Some functionality of the MaxScale failover is also implemented by orchestrator, which I author. Orchestrator was built in production environments by and for operational people. In this respect it has gained many insights and had to cope with many real-world cases, special cases & Murphy’s law cases. This post compares logic, feature set and capabilities of the two where relevant. To some extent the below will read as “hey, I’ve already implemented this; shame to re-implement the same”, and indeed I think that way; but it wouldn’t be the first time a code of mine would just be re-implemented by someone else and I’ve done the same, myself.

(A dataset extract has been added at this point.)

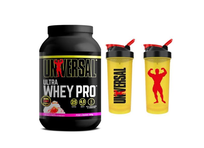 Ultra Whey Pro (909G) + Coqueteleira 600Ml - Universal Nutrition Morango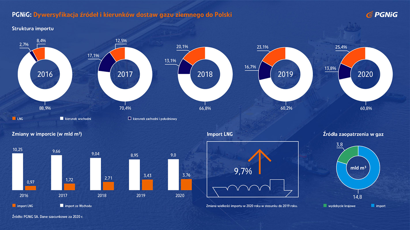 W 2020 roku PGNiG sprowadziło do Polski ok. 3,76 mld m sześc. skroplonego gazu ziemnego - o 9,7 proc. więcej niż rok wcześniej. Import LNG wzrósł o ok. 0,33 mld m sześc. (po regazyfikacji) w stosunku do roku 2019. W całej strukturze importu LNG osiągnęło udział 25,4 procenta. Import z kierunku wschodniego wyniósł w 2020 roku 9,0 mld m sześc. w porównaniu z 8,95 mld m sześc. rok wcześniej.

I’m describing the solution the way I understood it from the talk. If I’m wrong on any account I’m happy to be corrected via comments below. Edit: please see comment by Dipti Joshi

General overview

The idea is that MaxScale operates as a proxy to your topology. You do not connect to your master directly, but rather through MaxScale. Thus, MaxScale acts as a proxy to your master.

The next phase is that MaxScale would also auto-detect master failure, fix the topology for you, promote a new master, and will have your application unaware of all the complexity and without the app having to change setup/DNS/whatever. Of course some write downtime is implied.

Now for some breakdown.

Detection

The detection of a dead master, the check by which a failover is initiated, is based on MaxScale not being able to query the master. This calls for some points for consideration:

  • Typically, I would see “I can’t connect to the master therefore failover” as too hysterical, and the basis for a lot of false positives.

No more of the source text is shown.